А  Б  В  Г  Д  Е  Ж  З  И  Й  К  Л  М  Н  О  П  Р  С  Т  У  Ф  Х  Ц  Ч  Ш  Щ  Э  Ю  Я  

 

— Вырастешь — узнаешь. Честь мужская — не коврик на пороге, ног не вытрешь. Я ее не трогал — это, в конце концов, не моя проблема. Но чтоб в моей постели подполкан заблудный валялся… Зуб я ему выбил, короче, — и, помолчав секунду, добавил:
— Да еще ребра поломал.
— Ну, а Чечня здесь причем? — недоуменно спросил Чепрагин через несколько минут, видя, что сержант вроде как не собирается продолжать.
— Чтобы по судам меня не таскать да дело это не вытаскивать на свет божий — подполковник ведь тоже замарался — “опустили” меня в звании да сюда отправили, — Шумилов вздохнул. — Подозреваю, что не обошлось тут без моей благоверной… Из тюрьмы я бы точно вернулся, а вот из Чечни — так, видно, думала.
Сержант сокрушенно покачал головой и понурился.
— А какое же у тебя звание было, а, Мирон? — спросил его Панкрат.
— Капитаном был, — коротко ответил тот. Чепрагин удивленно поднял брови:
— Так ты, выходит…
— Ага, — кивнул Шумилов, напыжившись. — Я тут самый крутой. Так что построились — и жрать, шагом марш!
Суворин при этих словах ощутил, как заурчало в желудке.
— Ты знаешь, Мирон, не мешало бы, — поддержал он инициативу сержанта. — Так что, если Петрович не против…
— Не против, не против, — отозвался лейтенант. — Опять куропатка?
Шумилов хмыкнул и, опираясь на трость, поднялся с камня.
— А ты что, лося хотел? — ехидно спросил он. — Что нашему командиру под пулю попало, то и кушать будем…
* * *
На вид ощипанная куропатка выглядела тощей, но, оказавшись на вертеле, буквально истекла жиром. Слушая шкворчание густых мутноватых капель, падавших на уголья, Суворин вспоминал далекое детство, походы за город каждое последнее воскресенье месяца с чудаковатым, но добрым воспитателем Ильей Андреевичем. Он до сих пор помнил его лицо — худое, вечно заросшее трехдневной щетиной, но чистое и улыбающееся — в отличие от сине-красных, хотя и чисто выбритых рож прочих сотрудников детдома, любивших топить свободное время в горячительных напитках.
Тогда он мечтал о том, чтобы однажды Илья Андреевич стал его папой.

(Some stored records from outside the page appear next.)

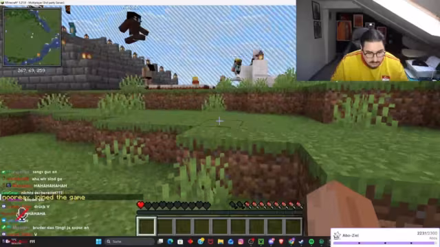 Die Teilnehmer bereiten sich auf eine gemeinsame Minecraft-Session vor. Zunächst treten Herausforderungen beim Server-Beitritt und der Installation notwendiger Modifikationen auf. Spieler müssen die korrekte Minecraft-Version und eine spezifische Mod-Datei herunterladen. Nach der erfolgreichen Einrichtung beginnt die Gruppe mit der Erkundung der Spielwelt, sucht nach Ressourcen und plant erste Bauvorhaben wie ein 'Hayat Hotel' und eine Brücke. [Just Chatting]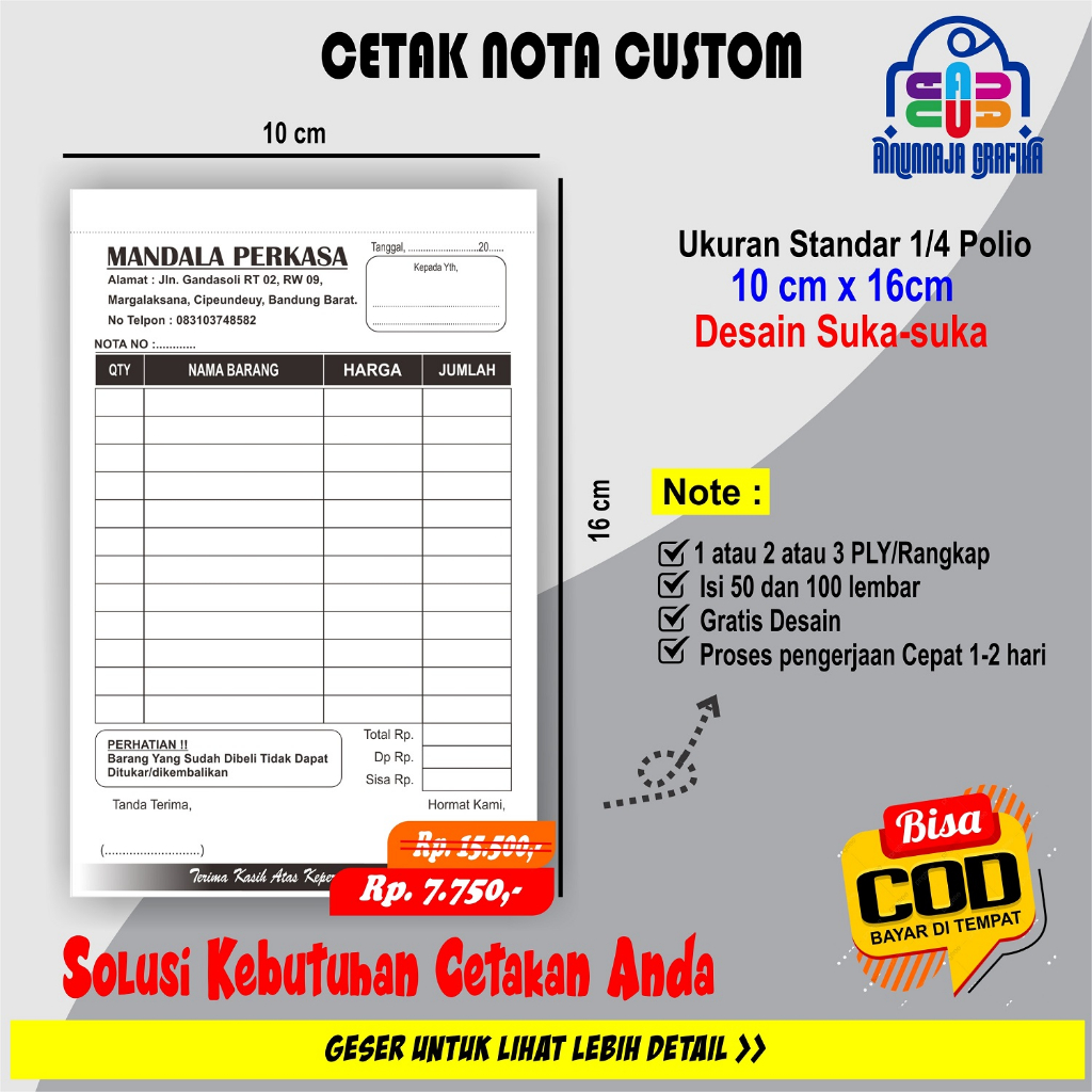 Cetak nota custom nama olshop sendiri ukuran 1/4 2 ply dan 3 ply dan 1 ply ukuran 50 lbr dan 100 lbr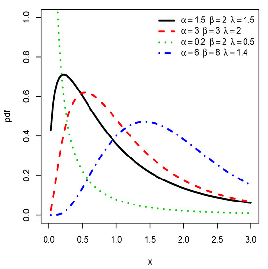 For a given , the critical points for can be determined numerically by using a mathematical software. Also, the fine shape analysis for requires its first and second order derivatives with respect to x. The complexity of these functions is an obstacle to determine the exact range of values of the parameters characterizing the different shapes. A graphic approach is thus preferred. Thats is, in order to illustrate its flexibility, Figure 3 displays some plots of for some different values of the parameters.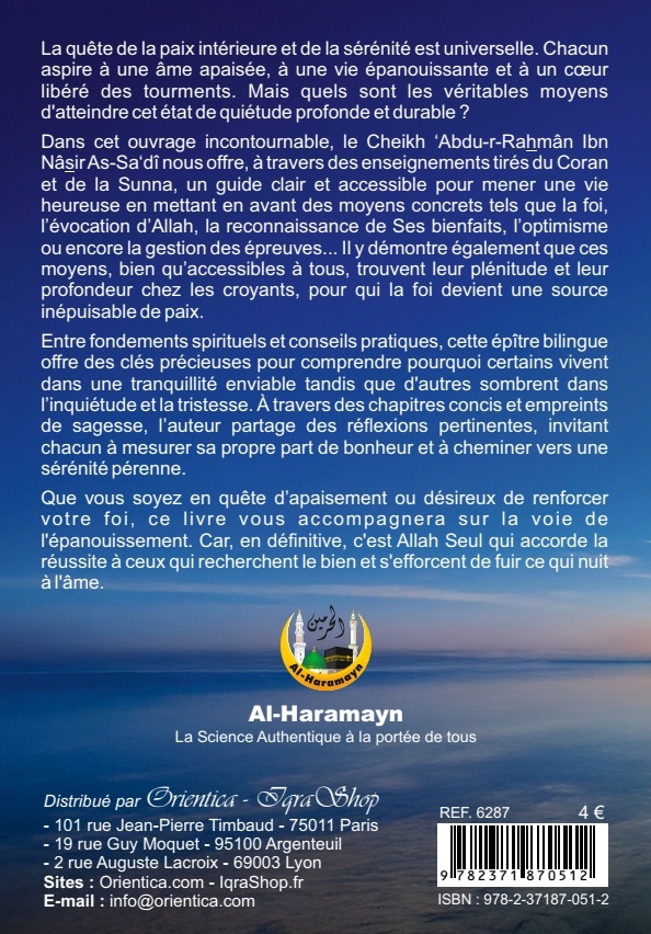 Entre fondements spirituels et conseils pratiques, cette épître bilingue offre des clés précieuses pour comprendre pourquoi certains vivent dans une tranquillité enviable tandis que d'autres sombrent dans l’inquiétude et la tristesse. À travers des chapitres concis et empreints de sagesse, l’auteur partage des réflexions pertinentes, invitant chacun à mesurer sa propre part de bonheur et à cheminer vers une sérénité pérenne.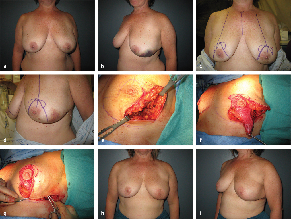 Fig. 36.2 (a,b) This is a 51 year old female with a left lower lateral quadrant DCIS with a left lower lateral quadrant DCIS. (c,d) She had wire localization and was marked with the Wise pattern. (e) After a 60 gram partial mastectomy she was left with a large lateral defect. It was felt that additional tissue needed to be rotated to fill the defect, rather than just using the residual lateral tissue. (f,g) This was reconstructed with an extended superomedial pedical and an additional 30 gram resection from the left side. (h,i) A contralateral reduction of 120 grams was performed. She is shown 1 year following completion of left sided radiation therapy.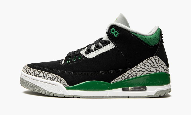 The Air Jordan 3 ??Pine Green?? is a Fall 2021 release of Michael Jordan??s third signature shoe in a colorway that mimics the look of an Oregon Ducks Player Exclusive model. In no way affiliated with the Nike sponsored university, the ??Pine Green?? is nonetheless a worthy tribute to the many classic Oregon Duck Player Exclusive colorways as the shoe is arranged in the same black, grey, and green color block of several hard-to-come-by Oregon PEs. The upper features a black tumbled leather construction with grey elephant print on the toe and heel. Pine Green accenting comes into play on the painted mudguard on the sides and on the dotted leather collar, top eyelets, and Jumpman on the grey leather tongue. A white Jumpman with an ??Air?? logo is found on the heel. Consistent with the original look of the Air Jordan 3, a small visible Air bubble appears in the heel of the white midsole. Release date: October 30, 2021

Очень хотелось бродить в лесу каждое воскресенье, а еще больше хотелось постоянно узнавать новое о таких обычных, совсем не выдающихся вещах, которые окружают тебя постоянно: травах, деревьях, насекомых и животных…
— Готово, — объявил кухаривший сегодня лейтенант. — Добавь какой-нибудь своей травки, Панкрат…
— Ну-ну, — не смог упустить такой возможности Шумилов, — добавь. Травки-конопельки.
Суворин усмехнулся, откинул крышку одного из ящиков и извлек оттуда полотняный кисет, набитый под самую завязку душистыми травами, собранными им в редкие моменты затишья в разных местах гор. Один из пучков он протянул Чепрагину, и тот резво порубил высохшую траву на мелкие кусочки. Каждому досталась небольшая горка.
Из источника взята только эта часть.